↓↓↓

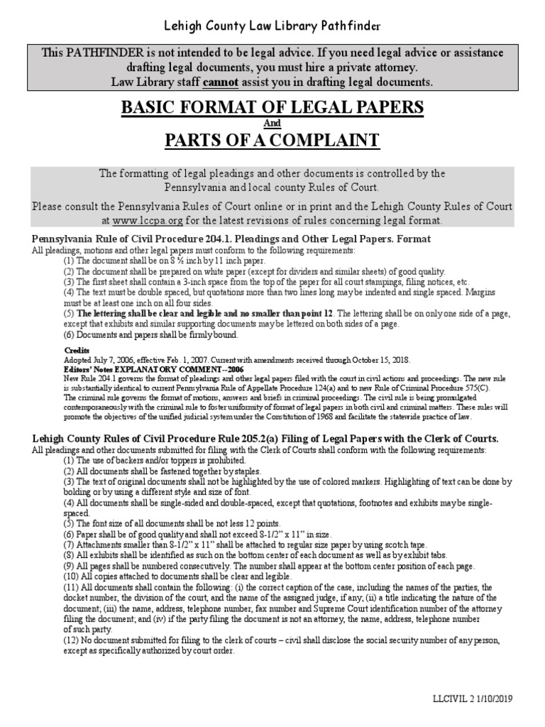 Format Legal Papers Sample Complaint Pathfinder PDF
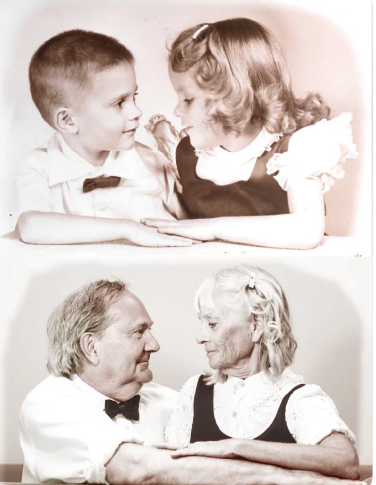 I helped my dad and his twin sister recreate this photo from 1954 for their 75th birthday
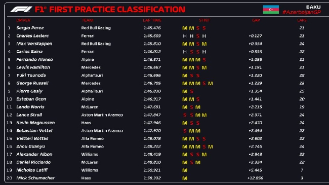 - 【集锦】[F1]2022赛季阿塞拜疆大奖赛一练最快圈 (佩雷兹:1.45.476)2022-06-10 22:48:58
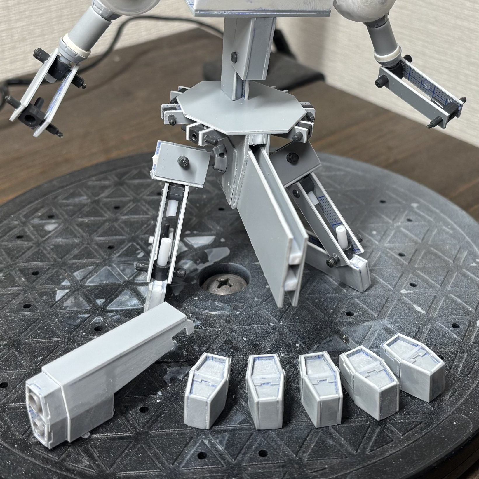 ますらお 2025.12/07更新 パーツ量産とサイドアーマー「陸戦型〇〇(フルスクラッチ)」制作中 80 26 いいねしたモデラー(26) 11 作品を共有 サイドスカートに組み込むバーニアパーツを6個量産中。とりあえずサイドアーマーの真ん中部分をこさえて、サイズ感確認。6角パーツも取り外し可能に出来てるし、いい感じかな。 制作中 コメント コメントをして応援しよう コメントにはログインが必要です meg-ocero 35分前 この形状の複数制作はかなりの重作業ですね😵 同じに切り出したつもりなのになぜかひとつふたつサイズ違ってたりして組み上げてからなんでじゃー😫てなるやつ(笑) Ojipop 3時間前 再び大量生産ーー😱 正気は保てるのかーー😱 オイラは無理ーー😂 ますらお 2時間前 ふふふ、この機体をフルスクラッチしようと決めた時点で正気かは怪しい(gandam1) cinnamon-1 4時間前 着実に進んでますね😁 部品の量産まで😊 私なら心が折れてます😅 頑張ってください👍 ますらお 2時間前 ありがとうございます(zaku-kao2)フルスクラッチやる上で複製技術を使用不可の縛りプレイなので、精神コマンド使って乗り切ります! グフカス大好き 11時間前 これってやっぱりアレですよね あれに出てくるあんな色の機体ですな まぁ秘密にしときます グフカス大好き 11時間前 まぁわかってねぇけどね ますらお 11時間前 このアーマーが全部腰に刺さると流石にバレますね(zaku-kao5)ザクカラーのあんちくしょうです グフカス大好き 9時間前 あやつか 地獄からの使者ですな バレーボールおじさん 11時間前 同じものを作るのって大変よね…どうなっていくのか楽しみ(zaku-kao8) ますらお 11時間前 同じもの作る時は量産分パーツを切り出しておくと、組み上げ繰り返しになるのでそんなに辛くないんですが。一個づつ切り出して組み上げしてると心がばっきり折れます(zaku-kao9)頑張りますよー ますらお 未熟者ですがよろしくお願い申し上げます。 地球の重力に魂を縛られた中年。地上戦兵器を作り倒したい。 引き算のデザイン?…戦いはボリュームだよ兄貴ィ! 基本すぐ何かしらスクラッチをしないと気が済まない性分…基礎工作、塗装技術を鍛錬中。 ますらおさんがお薦めする作品 ガンタンク現地開発機(モノサロス) HGUC ドワッジ(HGUCドム改修) デザート・ザク キャノンカスタム 陸戦型ゲルググ(HGUC改修) 9 重力圏海兵隊仕様 マラサイ 連邦という組織内でティターンズとは派閥を隔てた上層部もいたの… 8 陸戦型ガルスJ 塗装が台風被ったせいか湿度でノリが悪く苦戦しまくりましたが、… 9 陸戦型ジム 市街地戦仕様 塗装機材トラブルなどで途中で機材変えたりで少し塗装がうまくい… 8 デザート・ザク キャノンカスタム ピンク・パンサー隊のデザート・ザクをベースにカスタム機体を作… ますらおさんのページ この作品をお薦め作品に設定する Please login to update your profile! Please login to update your profile! Please login to update your profile! Please login to update your profile!

↑↑↑

### WORK REQUIRED
When you reach an image, pass over it, and retype all other material exactly.

### EXERCISE RESPONSE
 Format Legal Papers Sample Complaint Pathfinder PDF
 I helped my dad and his twin sister recreate this photo from 1954 for their 75th birthday
 - 【集锦】[F1]2022赛季阿塞拜疆大奖赛一练最快圈 (佩雷兹:1.45.476)2022-06-10 22:48:58
 ますらお 2025.12/07更新 パーツ量産とサイドアーマー「陸戦型〇〇(フルスクラッチ)」制作中 80 26 いいねしたモデラー(26) 11 作品を共有 サイドスカートに組み込むバーニアパーツを6個量産中。とりあえずサイドアーマーの真ん中部分をこさえて、サイズ感確認。6角パーツも取り外し可能に出来てるし、いい感じかな。 制作中 コメント コメントをして応援しよう コメントにはログインが必要です meg-ocero 35分前 この形状の複数制作はかなりの重作業ですね😵 同じに切り出したつもりなのになぜかひとつふたつサイズ違ってたりして組み上げてからなんでじゃー😫てなるやつ(笑) Ojipop 3時間前 再び大量生産ーー😱 正気は保てるのかーー😱 オイラは無理ーー😂 ますらお 2時間前 ふふふ、この機体をフルスクラッチしようと決めた時点で正気かは怪しい(gandam1) cinnamon-1 4時間前 着実に進んでますね😁 部品の量産まで😊 私なら心が折れてます😅 頑張ってください👍 ますらお 2時間前 ありがとうございます(zaku-kao2)フルスクラッチやる上で複製技術を使用不可の縛りプレイなので、精神コマンド使って乗り切ります! グフカス大好き 11時間前 これってやっぱりアレですよね あれに出てくるあんな色の機体ですな まぁ秘密にしときます グフカス大好き 11時間前 まぁわかってねぇけどね ますらお 11時間前 このアーマーが全部腰に刺さると流石にバレますね(zaku-kao5)ザクカラーのあんちくしょうです グフカス大好き 9時間前 あやつか 地獄からの使者ですな バレーボールおじさん 11時間前 同じものを作るのって大変よね…どうなっていくのか楽しみ(zaku-kao8) ますらお 11時間前 同じもの作る時は量産分パーツを切り出しておくと、組み上げ繰り返しになるのでそんなに辛くないんですが。一個づつ切り出して組み上げしてると心がばっきり折れます(zaku-kao9)頑張りますよー ますらお 未熟者ですがよろしくお願い申し上げます。 地球の重力に魂を縛られた中年。地上戦兵器を作り倒したい。 引き算のデザイン?…戦いはボリュームだよ兄貴ィ! 基本すぐ何かしらスクラッチをしないと気が済まない性分…基礎工作、塗装技術を鍛錬中。 ますらおさんがお薦めする作品 ガンタンク現地開発機(モノサロス) HGUC ドワッジ(HGUCドム改修) デザート・ザク キャノンカスタム 陸戦型ゲルググ(HGUC改修) 9 重力圏海兵隊仕様 マラサイ 連邦という組織内でティターンズとは派閥を隔てた上層部もいたの… 8 陸戦型ガルスJ 塗装が台風被ったせいか湿度でノリが悪く苦戦しまくりましたが、… 9 陸戦型ジム 市街地戦仕様 塗装機材トラブルなどで途中で機材変えたりで少し塗装がうまくい… 8 デザート・ザク キャノンカスタム ピンク・パンサー隊のデザート・ザクをベースにカスタム機体を作… ますらおさんのページ この作品をお薦め作品に設定する Please login to update your profile! Please login to update your profile! Please login to update your profile! Please login to update your profile!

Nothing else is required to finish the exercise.